Mulan was not sexually attracted to her battle buddies Yao, Ling, and Chien Po. But with the new love interest being made "just one of the guys", I'm curious to see how they differentiate her relationship with her love interest from those of her other male friends. At least with Shang, she saw herself as being sexually interested in him because he inspired her. With the other three guys, however, she feels no sexual interest since she views them as her equal, and therefore is able to maintain a friendship with them. 

It’s good and natural to be attracted to people who possess qualities you admire and aspire to obtain yourself.

I'm in the camp where you're supposed to be attracted to those who are better than you. It’s good and natural to be attracted to people who possess qualities you admire and aspire to obtain yourself.

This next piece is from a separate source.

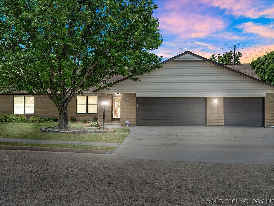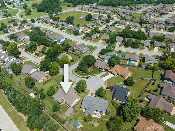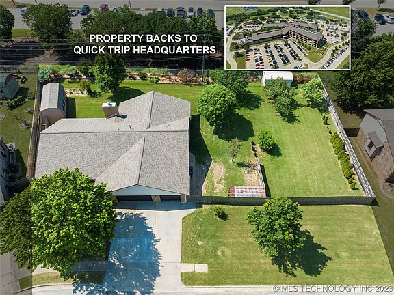 Extremely well-maintained ranch home on a half acre, cul-de-sac lot. Three-car garage, storm shelter, 12x24 shed plus additional storage shed. Spacious living room open to dining area and kitchen. Stainless steel appliances, gas range. Garage entry mudroom with full bathroom and utility hookups. Primary bedroom with ensuite bathroom. Covered patio converted into an enclosed, climate-controlled flex room. Tornado Shelter. Great storage! Large fully fenced yard. Property backs to Quick Trip's lush corporate headquarters with quick access to the BA Expressway

It's the whole reason why the term "my better half" was coined to describe the person we love.

Closing Thoughts

I can safely say, if there is one thing my Asian sisters would like, it’s to have more depictions of Asian men like Li Shang in Western cinema. So it was honestly heartbreaking to hear how he's been cancelled. There goes our dream of seeing that strong, confident, and heroic captain in the flesh.

But it’s too late now to change anything about the Mulan live-action remake because the movie is hitting cinemas at the end of March. I still wish the best for the movie. I enjoyed the trailer – it does look like an adequately made kung-fu movie you can find everywhere else in Asian cinema. I’m just sad that it won’t have the same Disney magic that the original movie had.